Parmi les avenues concrètes et prioritaires, on note :
•
travailler à résister au capitalisme en priorisant le collectif (le « bien
commun ») au détriment de l’individu (les droits de la « propriété
privée »)
•
contester, chaque fois que possible, l’argent comme valeur ou critère
fondamentaux de mesure ou de choix
•
mettre au contraire l’humain (individuel et collectif) au centre comme
critère de tous nos choix individuels et collectifs
•
s’engager résolument dans la voie de la décroissance (au niveau de
nos politiques collectives) et de la simplicité volontaire ou de la sobriété
joyeuse (comme style de vie individuel et collectif) sans attendre que de
telles orientations nous soient imposées par les limites de la planète
•
réintroduire les valeurs de sens (nos valeurs communes comme
société) au centre du débat social et politique
•
replacer la préoccupation du long terme comme critère de nos choix
(penser, comme le font plusieurs nations autochtones, aux conséquences
de nos choix pour les 7 générations à venir, au lieu de ne tenir compte
que des profits possibles à court terme comme l’a fait de plus en plus
l’économie qui nous gouverne).
Au fond, les communautés religieuses actuelles, en Occident, sont
confrontées à la dure réalité de leur héritage. À court terme et selon les vues
humaines, elles s’apprêtent à mourir, du moins dans leur forme traditionnelle.

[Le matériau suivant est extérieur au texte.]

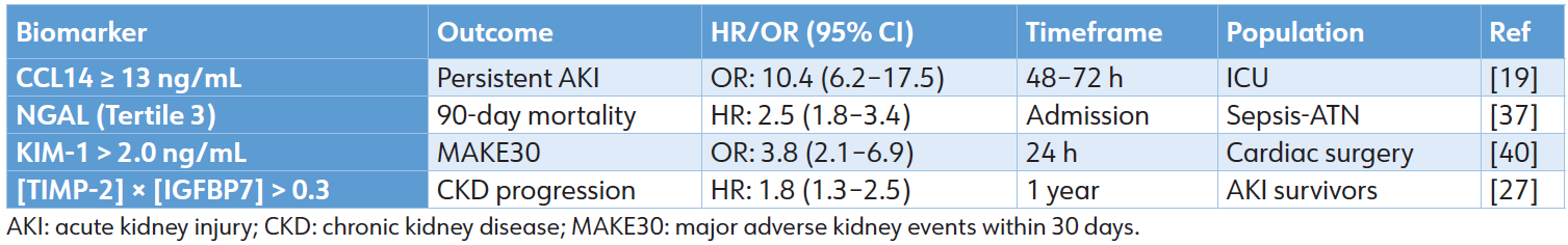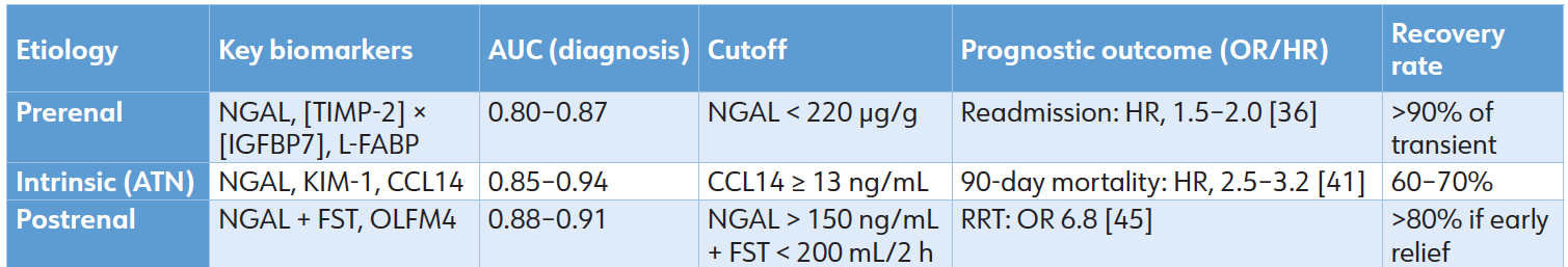 Low levels of baseline damage markers, such as NGAL and KIM-1, indicate a greater than 90% probability of complete recovery within 48 hours. [33] Their sustained elevation, despite hemodynamic optimization, correlates with a heightened risk of 30-day readmission (HR: 1.5–2.0) and CKD (OR: 1.8). [34] In sepsis, plasma PENK levels correlate with mortality in overt AKI (HR: 2.1), enabling early intervention. [35]
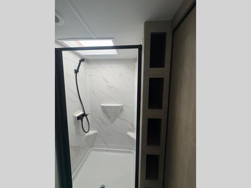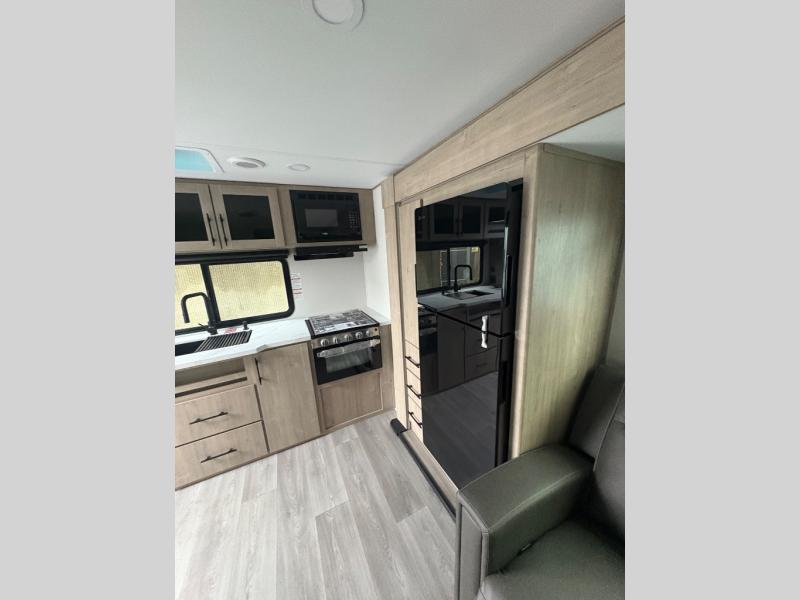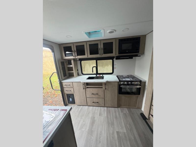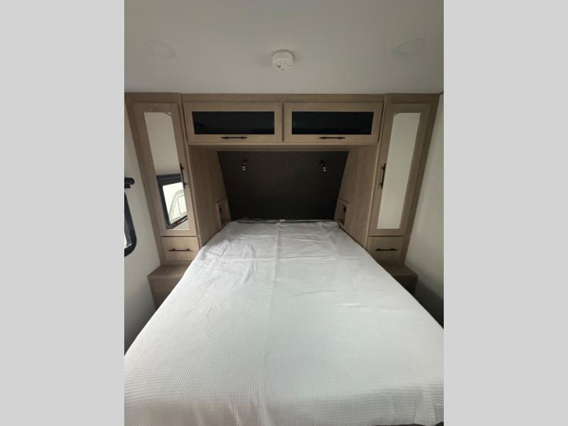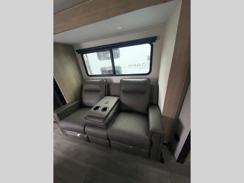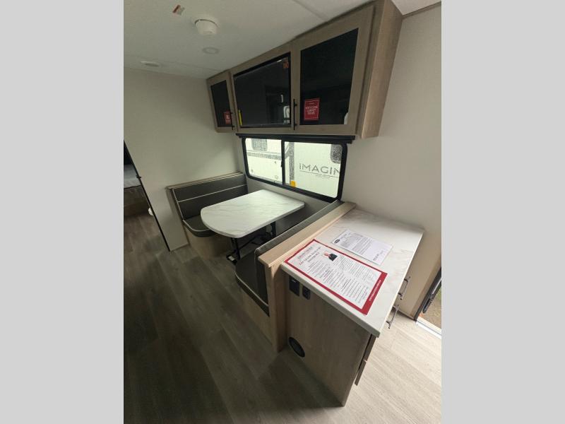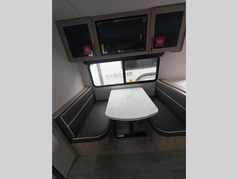 Treat yourself to a weekend of fun in this Imagine XLS travel trailer! Whether it's just you and your spouse, or you've chosen to bring along a group of friends, this trailer will meet the need. The front bedroom can sleep two people on the walk-around queen-size bed. The bedroom is quite functional because it not only contains the second exterior entry door, but it also has a private entrance into the walk-through bathroom since it is located on the other side of the bathroom. The booth dinette is functional too because it can transform from a dining location into a sleeping location, and the theater seating is directly across from the LED TV for easy viewing.
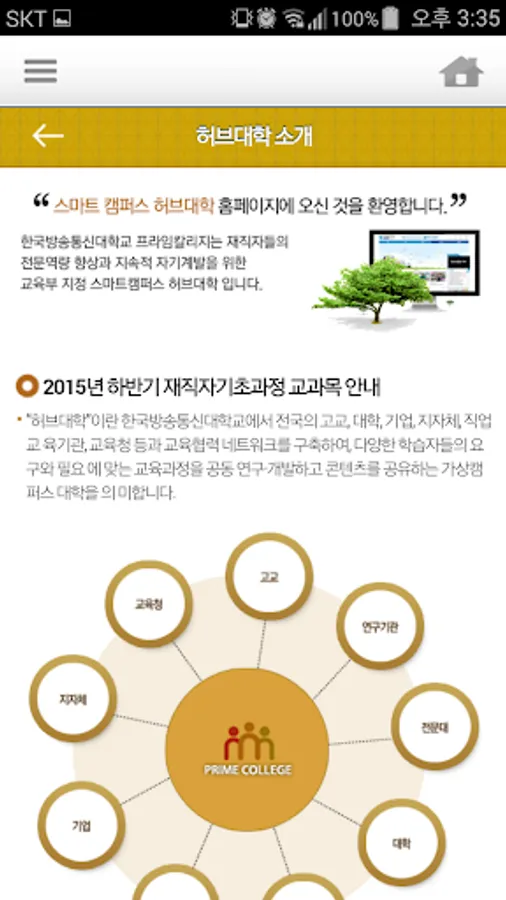 Korea National Open University Colleges prime hub app university course descriptions, public lectures and was created in order to support student learning
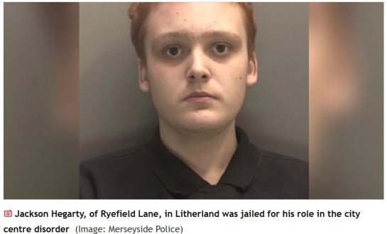 The court heard Hegarty handed himself in to police after his picture was circulated. In a police interview he admitted that he threw missiles and swore at police. He accepted “he ruined his whole life because of one day”. He was charged with violent disorder and burglary and admitted the two offences at Liverpool Magistrates’ Court earlier this month.
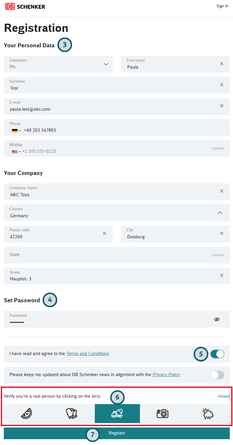 This will allow the customer to log into DB SCHENKER | connect directly after successful registration. DB SCHENKER | connect user setup is required in addition.
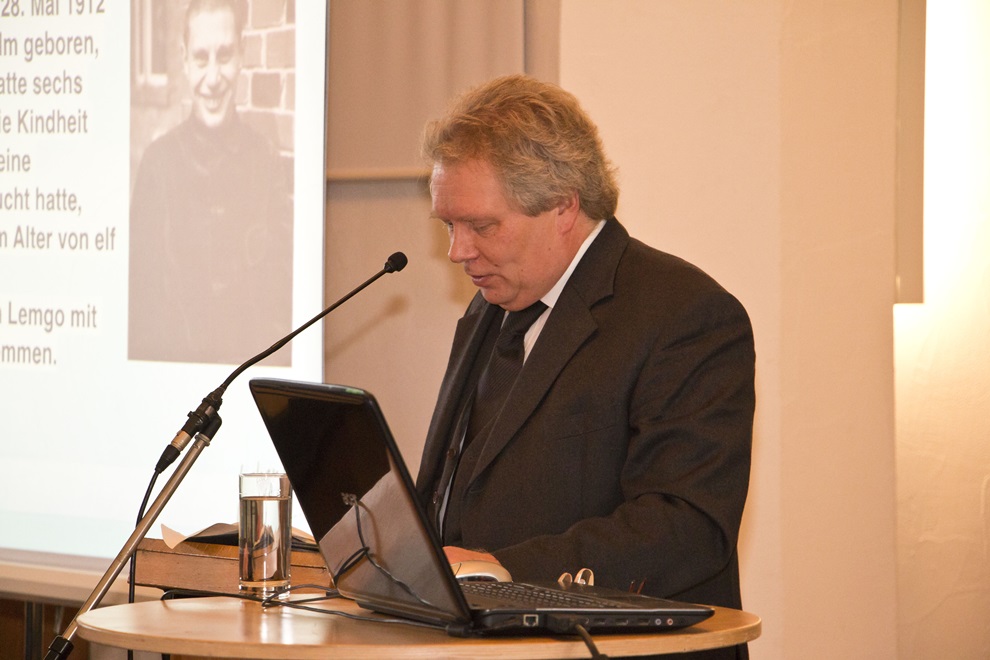 Die Fachtagung und die Vorstellung der neuen Gedenkstele beim Gottesdienst am 19.11. treffen auf große Resonanz mit mehr als 130 Personen. Bei der Tagung in Alt Eben-Ezer stellt Heinrich Bax als erster Referent die Stationen seiner Recherche „Eben-Ezer-Warstein-Weilmünster-Hadamar“ vor. Der ehemalige Lehrer an der Förderschule „Lernen“ in Oerlinghausen hat die Spuren der abtransportierten Bewohner Eben-Ezers verfolgt und aufgedeckt. Dr. Frank Konersmann stellt die Methodik seiner Biographien-Arbeit dazu vor und verliest zwei Biographien. Professor Dr. Hans-Walter Schmuhls Vortrag widmet sich den Beziehungen und Vernetzungen der drei ostwestfälisch-lippischen Einrichtungen Eben-Ezer, Bethel und Wittekindshof vor dem Hintergrund der NS-„Euthanasie“. Außerdem spricht Margret Hamm für die Arbeitsgemeinschaft Bund der „Euthanasie“-Geschädigten und Zwangssterilisierten.
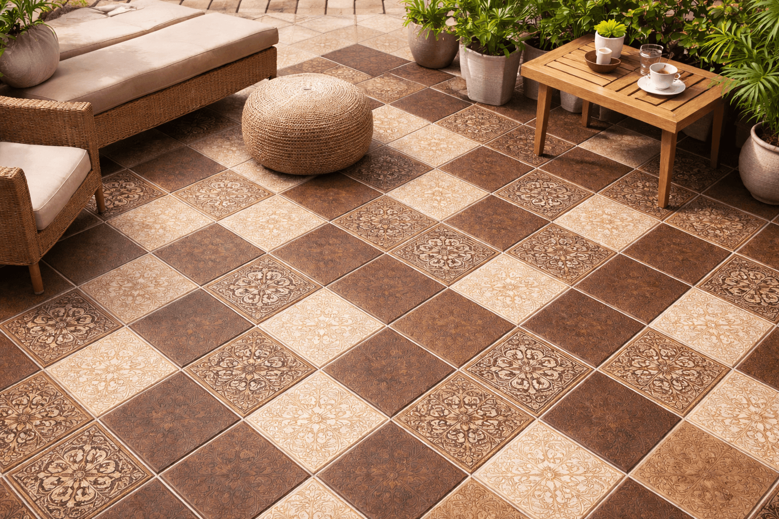 現代人對戶外空間的要求已不只是功能性,也希望能營造舒適、有品味的生活氛圍。像是偏鄉村感、自然感或懷舊感的設計,就很適合搭配復古風格的止滑磚,讓空間更有層次與特色。

Mais comme à Sarah, l’épouse d’Abraham, qui s’apprêtait à mourir sans
descendance, Dieu peut donner des héritiers inattendus et qui défient notre
logique habituelle. Sommes-nous prêtEs à faire confiance en cette possible
descendance et quel héritage nous apprêtons-nous à leur laisser pour l’à venir?
C’est, me semble-t-il, dans ce contexte qu’il faut réfléchir la réponse des
communautés religieuses aux défis posés par la crise et notre monde. Et dans
ce contexte qu’il faut réfléchir les liens à développer entre communautés
religieuses et groupes communautaires.